For this exercise, output the entries below exactly from the line that holds "WALLIS Womens Long" to the line that holds "1月7日,居民在西安曲江新區一小區內的生活便利店前排隊購買(mǎi)食品。新華社記者 邵瑞 攝", both ends included. No pictures belong in the copy.

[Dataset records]
####

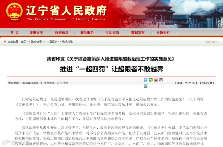 日前,辽宁发布《关于综合施策深入推进超限超载治理工作的实施意见》。其中明确,辽宁将严格按照国家和省有关规定,对超限超载违法行为进行处罚。
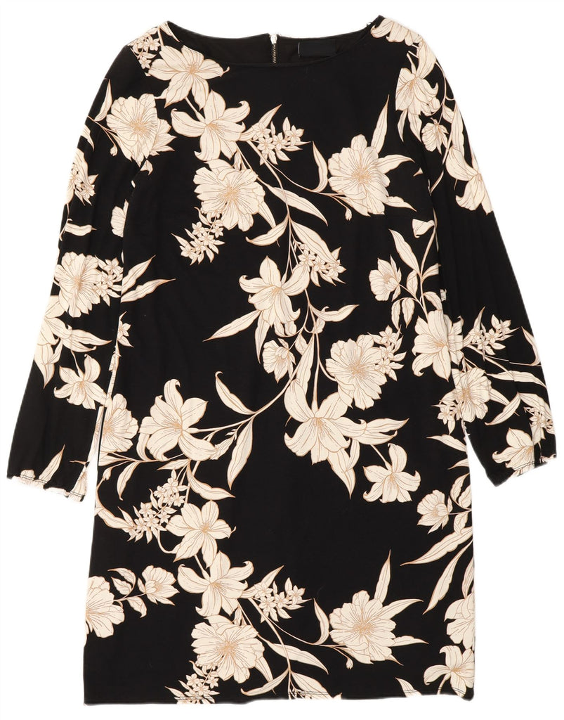WALLIS Womens Long Sleeve Shift Dress UK 12 Medium Black Floral Viscose
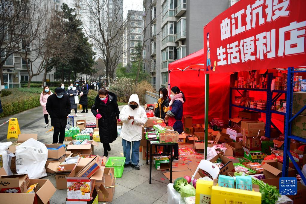 1月7日,居民在西安曲江新區一小區內的生活便利店前排隊購買(mǎi)食品。新華社記者 邵瑞 攝
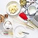 FOOD-GRADE SILICONE IS DURABLE AND STAIN-RESISTANT FOR CONVENIENT COOKING AND CLEANING - our silicone kitchen utensils set gold and white combines the best of function and form; food-grade silicone is nonstick and BPA-free, safe on any cooking surface and highly durable and resistant to cold and hot temperatures ranging from -22 Fahrenheit to 450 Fahrenheit; dishwasher safe white cooking utensils set makes for easy cleanup.
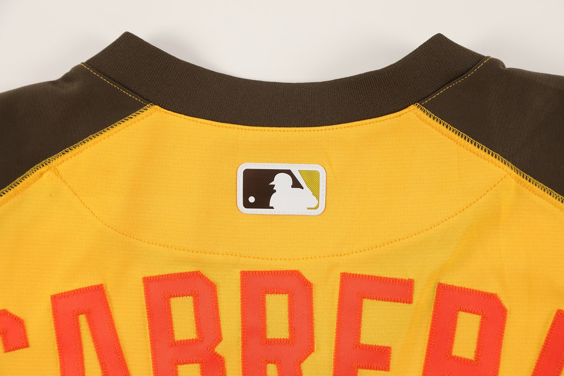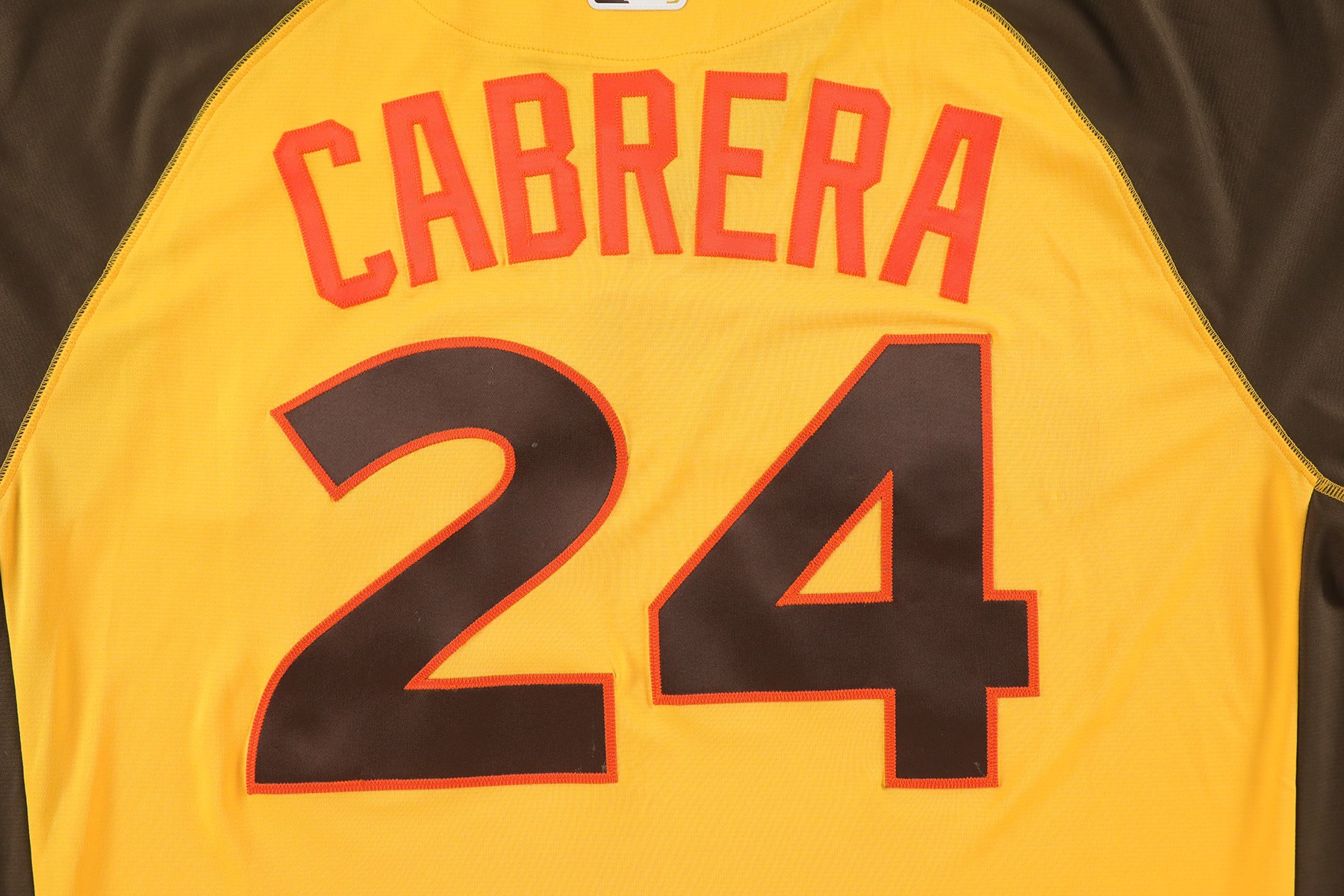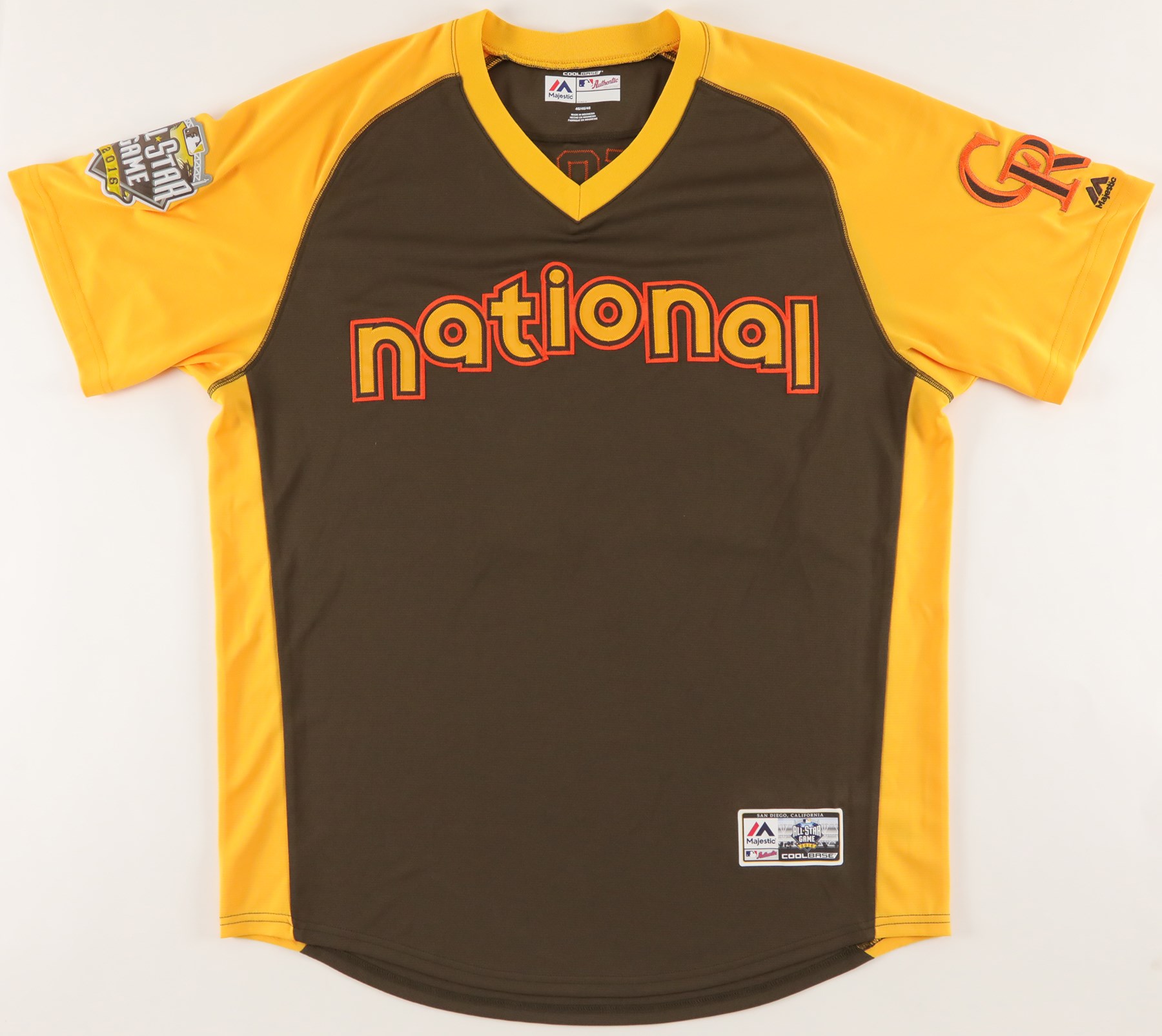 Miguel Cabrera and Trevor Story 2016 All-Star game jerseys. Each jersey in the lot has the Majestic/MLB Authentic patch printed on the front left tail, and the All-Star Game 2016 patch on the left sleeve. The Cabrera jersey has a Tigers "D" logo on the left sleeve. "american" is sewn across the chest of the the pullover-style jersey, and "CABRERA" is sewn to the back, above "24." "50/50/50" is printed inside the back neck area. The Trevor Story jersey has "national" across the chest in lower case letters. "STORY" is on the back, above "27." The Rockies "CR" logo is sewn to the left sleeve, and "46/46/46" is printed inside the neck area. The laundry tags inside of each jersey have "Inspected By" stickers on them, suggesting that these are possibly game-issued jerseys. The jerseys are in near-mint condition and do not show signs of game use.
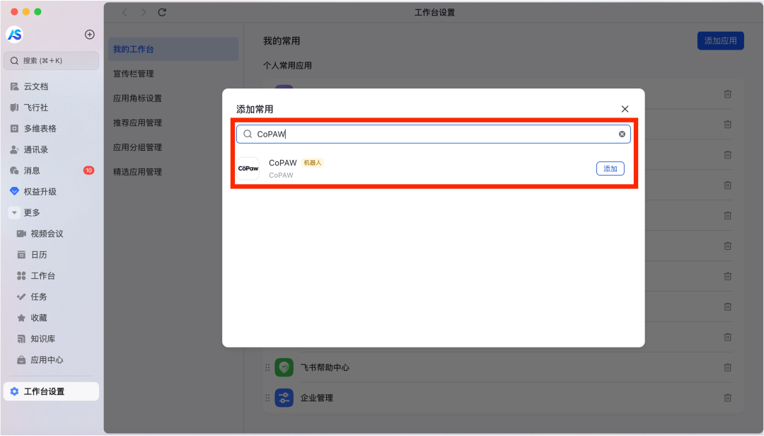 Copaw 支持多种通讯工具接入,包括飞书、钉钉、QQ 等。
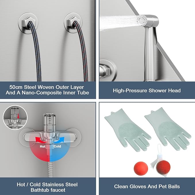 - 【Professional Grooming Salons Accessories】:Explore the world of dog grooming baths, with gentle water flow showerheads and silicone toy balls, pet feel relaxed and happy when bathing. From water temperature control to efficient dog washing gloves, dog bath tub pamper your furry friend with a spa-like experience in the comfort of your home.
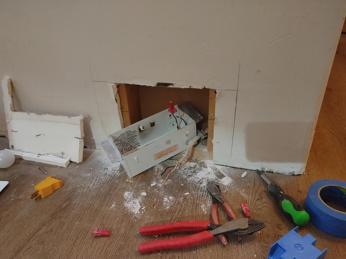 Back to the first light. Got the enclosure out and pulled the non-live Romex out. Black with the wire nut on it is still showing hot for some reason.
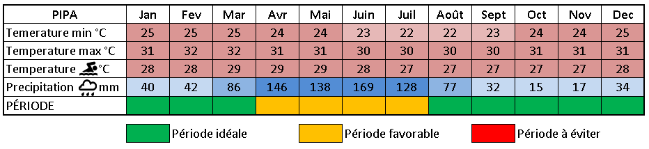 Il fait chaud et la mer est bonne toute l’année a Pipa. Eviter la période de Noel, Nouvel an et Carnaval si vous n’y allez pas pour ces événements spécifiques, les logements sont hors de prix et il y a énormément de monde partout.
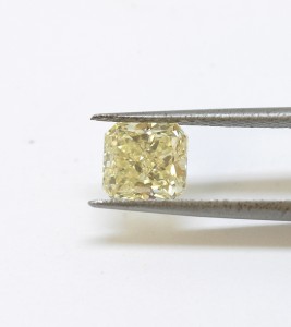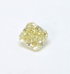 Take a look at this stone that Yossi found today in the bourse. It’s a real beauty at a great price. It’s fancy light yellow, so its stronger in color than an XYZ. It has strong fluorescence, but it doesn’t dull the color at all.

####

» WORKED SOLUTION
WALLIS Womens Long Sleeve Shift Dress UK 12 Medium Black Floral Viscose
 1月7日,居民在西安曲江新區一小區內的生活便利店前排隊購買(mǎi)食品。新華社記者 邵瑞 攝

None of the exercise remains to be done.